CAT 2018 Slot 2 QA Question & Solution
Question
If a and b are integers such that $2x^2−ax+2>0$ and $x^2−bx+8≥0$ for all real numbers $x$, then the largest possible value of $2a−6b$ is
Solution
Let f(x) = $2x^2−ax+2$. We can see that f(x) is a quadratic function.
For, f(x) > 0, Discriminant (D) < 0
$\Rightarrow$ $(-a)^2-4*2*2<0$
$\Rightarrow$ (a-4)(a+4)<0
$\Rightarrow$ a $\epsilon$ (-4, 4)
Therefore, integer values that 'a' can take = {-3, -2, -1, 0, 1, 2, 3}
Let g(x) = $x^2−bx+8$. We can see that g(x) is also a quadratic function.
For, g(x)≥0, Discriminant (D) $\leq$ 0
$\Rightarrow$ $(-b)^2-4*8*1<0$
$\Rightarrow$ $(b-\sqrt{32})(b+\sqrt{32})<0$
$\Rightarrow$ b $\epsilon$ (-$\sqrt{32}$, $\sqrt{32}$)

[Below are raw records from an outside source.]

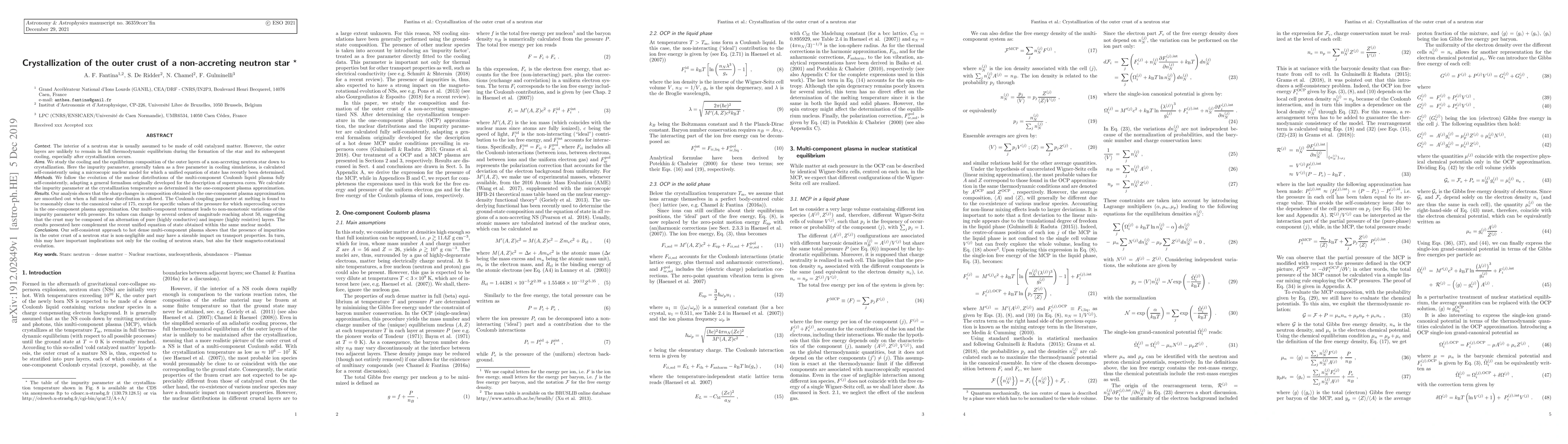 The interior of a neutron star (NS) is usually assumed to be made of cold catalyzed matter. However, the outer layers are unlikely to remain in full equilibrium during the formation of the star and its cooling, especially after crystallization. We study the cooling and equilibrium composition of the outer layers of a NS down to crystallization. Here the impurity parameter, usually a free parameter in cooling simulations, is calculated self-consistently using a microscopic model for which a unified equation of state has recently been determined. We follow the evolution of the nuclear distributions of the multi-component Coulomb liquid plasma (MCP) fully self-consistently, adapting a general formalism originally developed for the description of supernova cores. We calculate the impurity parameter at the crystallization as determined in the one-component plasma (OCP) approximation. Our analysis shows that the sharp changes in composition obtained in the OCP approximation are smoothed out when a full nuclear distribution is allowed. The Coulomb coupling parameter at melting is found to be reasonably close to the canonical value of 175, except for specific pressures for which supercooling occurs in the OCP approximation. Our MCP treatment leads to non-monotonic variations of the impurity parameter with pressure. Its values can change by several orders of magnitude reaching about 50, suggesting that the crust may be composed of an alternation of pure (highly conductive) and impure (highly resistive) layers. The results presented here complement the recent unified equation of state obtained with the same model. Our self-consistent approach to hot MCP shows that the presence of impurities in the outer crust of a NS is non-negligible and may have a sizeable impact on transport properties. In turn, this may have important implications for the cooling of NS and their magneto-rotational evolution.
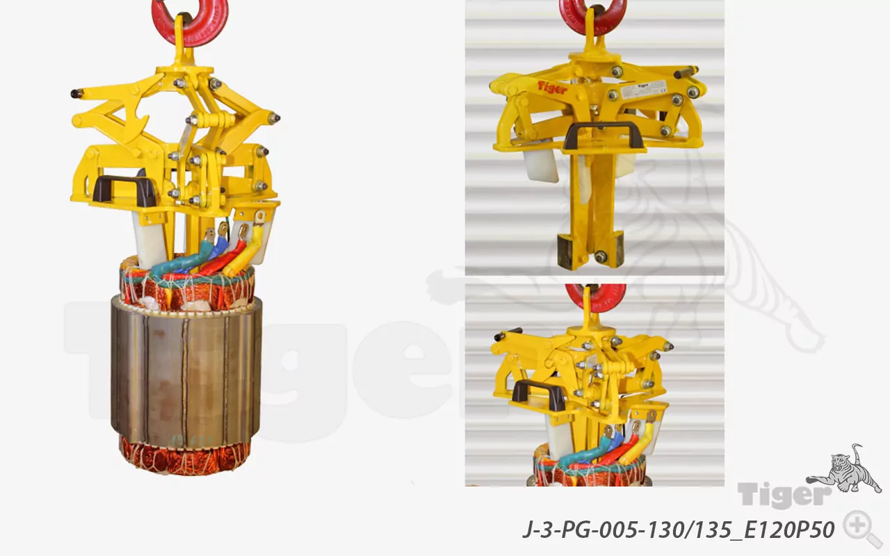 Tiger Sonder-Innengreifer mit 3 langen Pallen mit Schonbelag zum Heben von Stator-Paketen
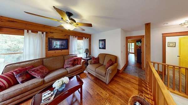 Stunning Private Log Cabin Estate on 11+ Acres with Creek, Detached Shop & Endless Possibilities - Escape to your own private retreat with this breathtaking log cabin estate! Nestled on over 11 acres of open and wooded land, this property offers complete privacy, scenic beauty, and versatile outdoor space. A creek meanders along the back of the property, adding charm and tranquility to your estate. Built in 2009, the main log cabin exudes rustic elegance with two spacious main living areas, perfect for entertaining or relaxing with family. The main level includes a living room, dining area, and a gourmet-style kitchen that opens to a breakfast area, which flows directly onto a large 34 ft covered back porch. Enjoy morning coffee or evening sunsets while taking in the view of the open yard surrounded by majestic, mature trees. The owner's suite on the main level is a private sanctuary, featuring a full bath with a large walk-in shower, double vanity, private water closet, and generous linen closet. The lower level is perfect for extended family or guests, offering two additional bedrooms, a fully equipped kitchen, dining area, laundry room, and ample storage space. It's an ideal setup for in-law suite living, rental potential, or a private guest retreat. Outdoor amenities are equally impressive. The property features a detached shop with power, a dream for any hobbyist, woodworker, or "man cave" enthusiast. With plenty of land for horses, a working farm, gardening, or simply exploring, this estate provides endless possibilities for enjoying the outdoors and staying active. Whether you're walking the trails, relaxing by the creek, or simply enjoying the peace and quiet, this property allows you to get off the grid while still enjoying modern comforts. Truly a rare find, this log cabin estate combines rustic charm, outdoor living, big beautiful SHOP, and privacy in one stunning package. Perfect for anyone seeking privacy, land, and room to live freely! Endless possibilities await--bring your horses, start a working farm, or grow your dream garden. NO HOAs...enjoy your Estate! Well water!
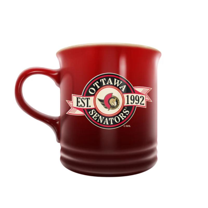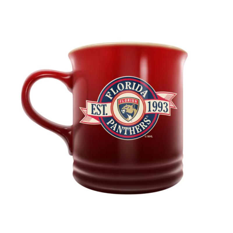 Užite si svoj obľúbený nápoj s hrnčekom navrhnutým priamo pre fanúšikov NHL, ktorý nesie motív víťazných bannerov známych z hokejových arén.
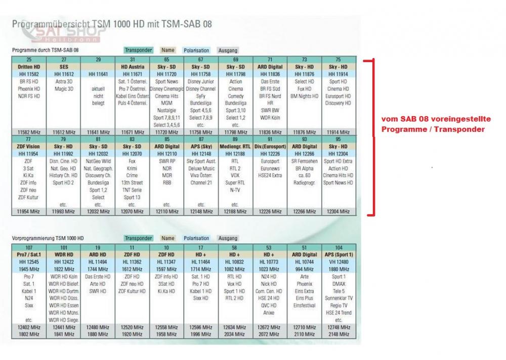 Das SAB-08 kitzelt schon ein paar Sender mehr raus (siehe Anlagen zuvor) .... bei den anderen, selbst wählbaren Transpondern die umgesetzt werden werde ich ein Update auf neue Sender einarbeiten und die "wichtigen" dabei berücksichtigen.michaelbs hat geschrieben:2. alles, genau wie Sie es beschreiben haben, so um zu programmieren, dass ich alle besagten Sender wieder erhalte, bzw. noch mehr davon...
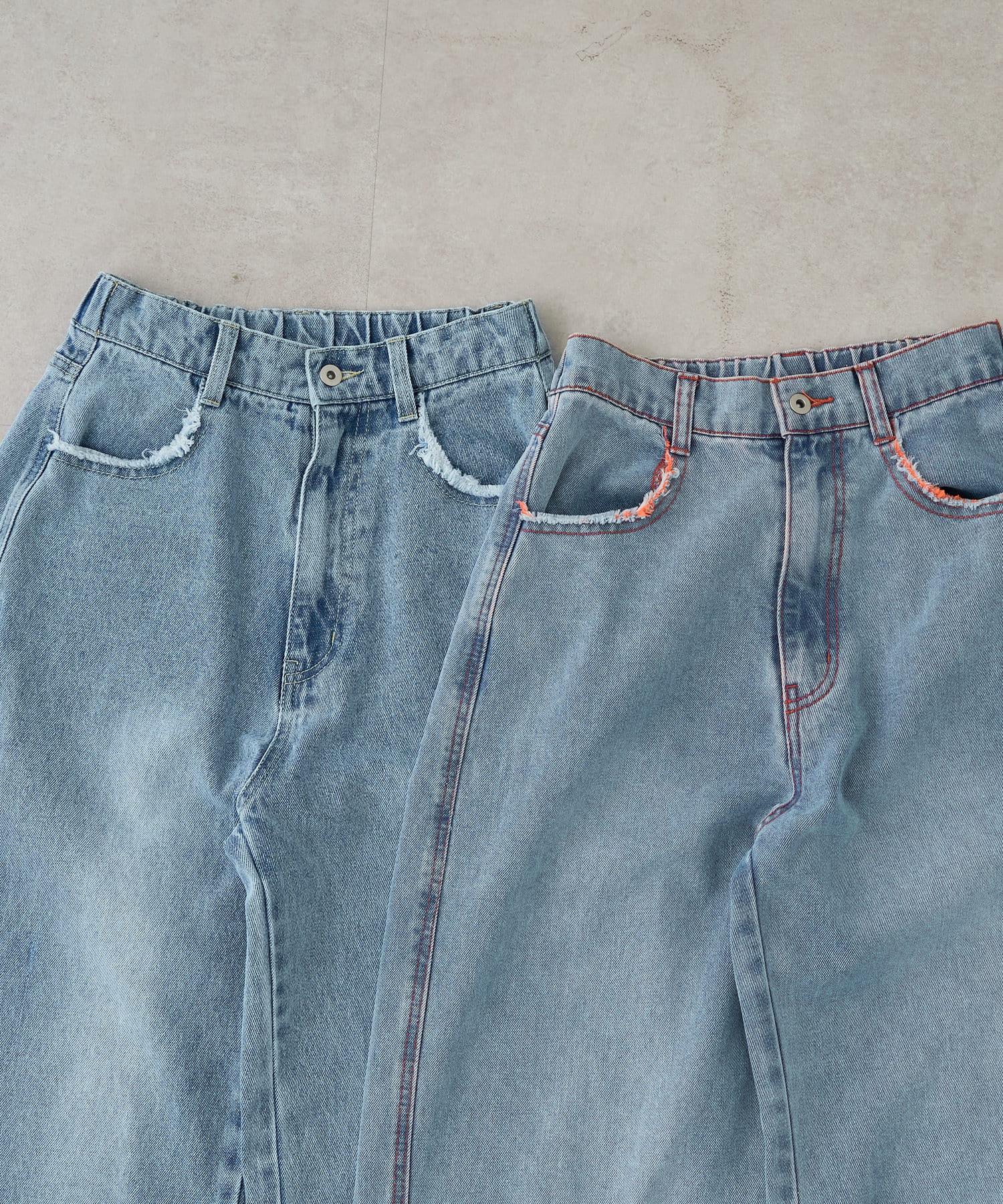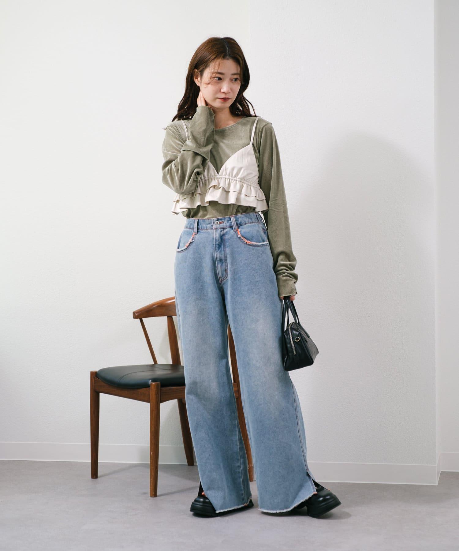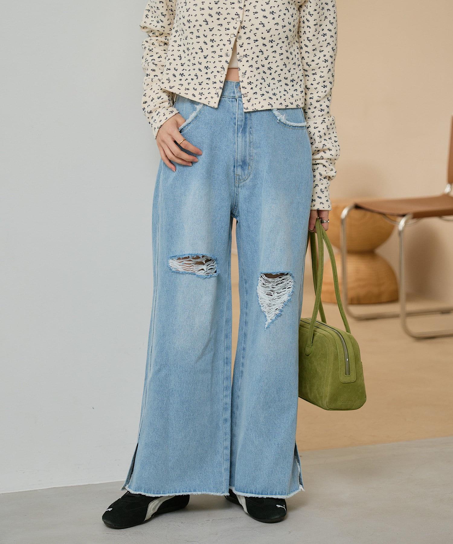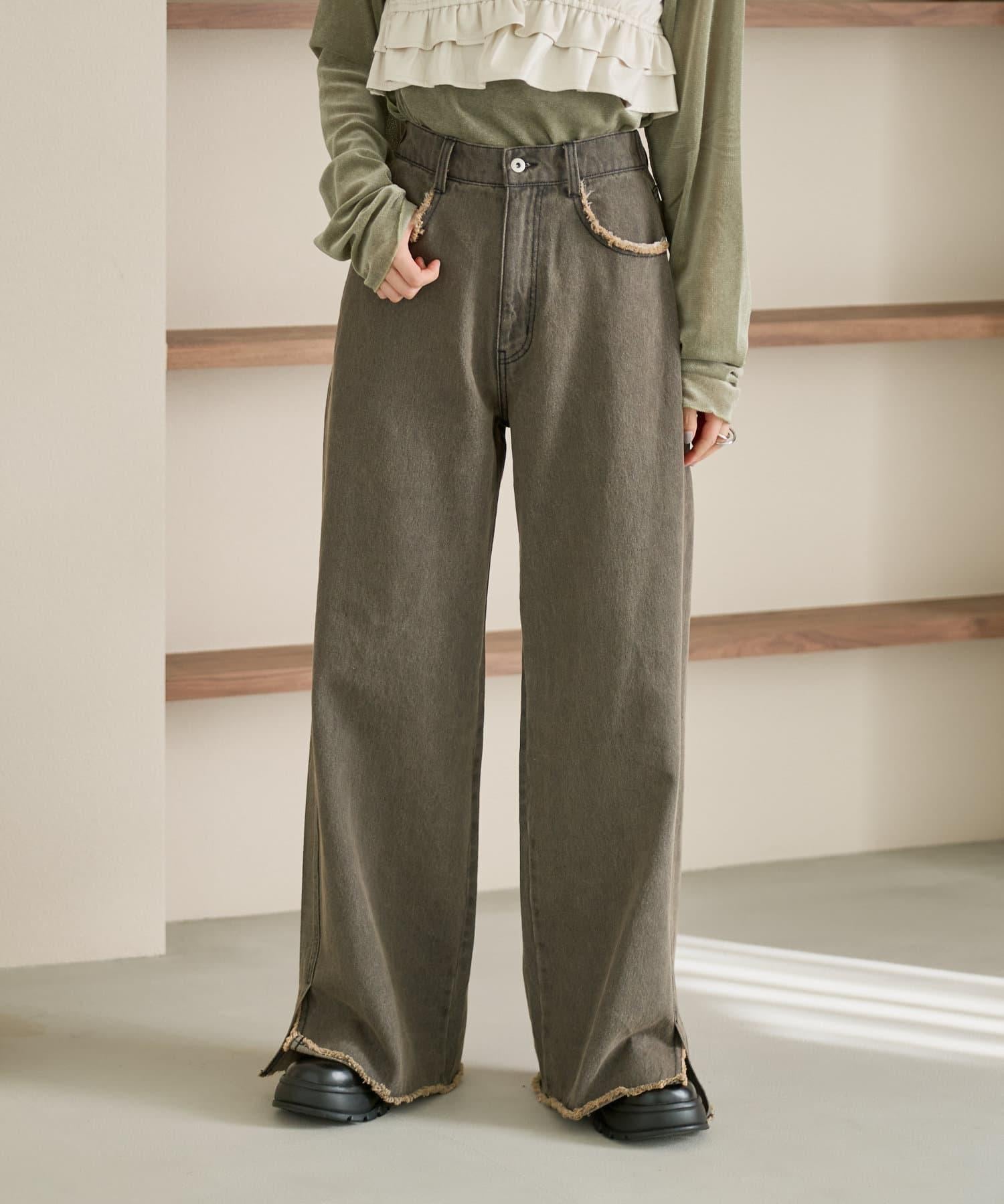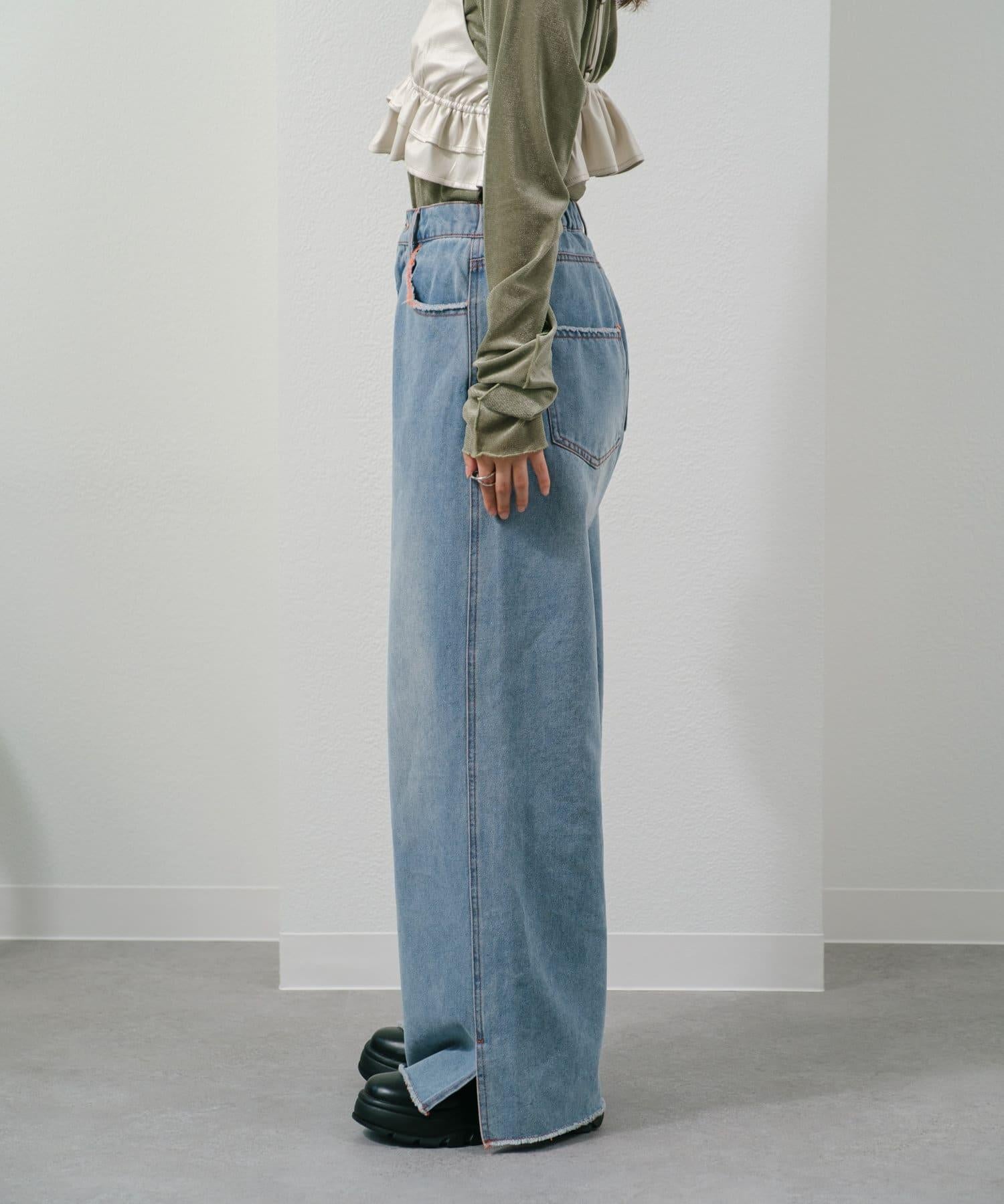【低身高尺寸/2尺寸】牛仔褲開叉寬鬆褲

Therefore, integer values that 'b' can take = {-5, -4, -3, -2, -1, 0, 1, 2, 3, 4, 5}
We have to find out the largest possible value of $2a−6b$. The largest possible value will occur when 'a' is maximum and 'b' is minimum.
a$_{max}$ = 3, b$_{min}$ = -5
Therefore, the largest possible value of $2a−6b$ = 2*3 - 6*(-5) = 36.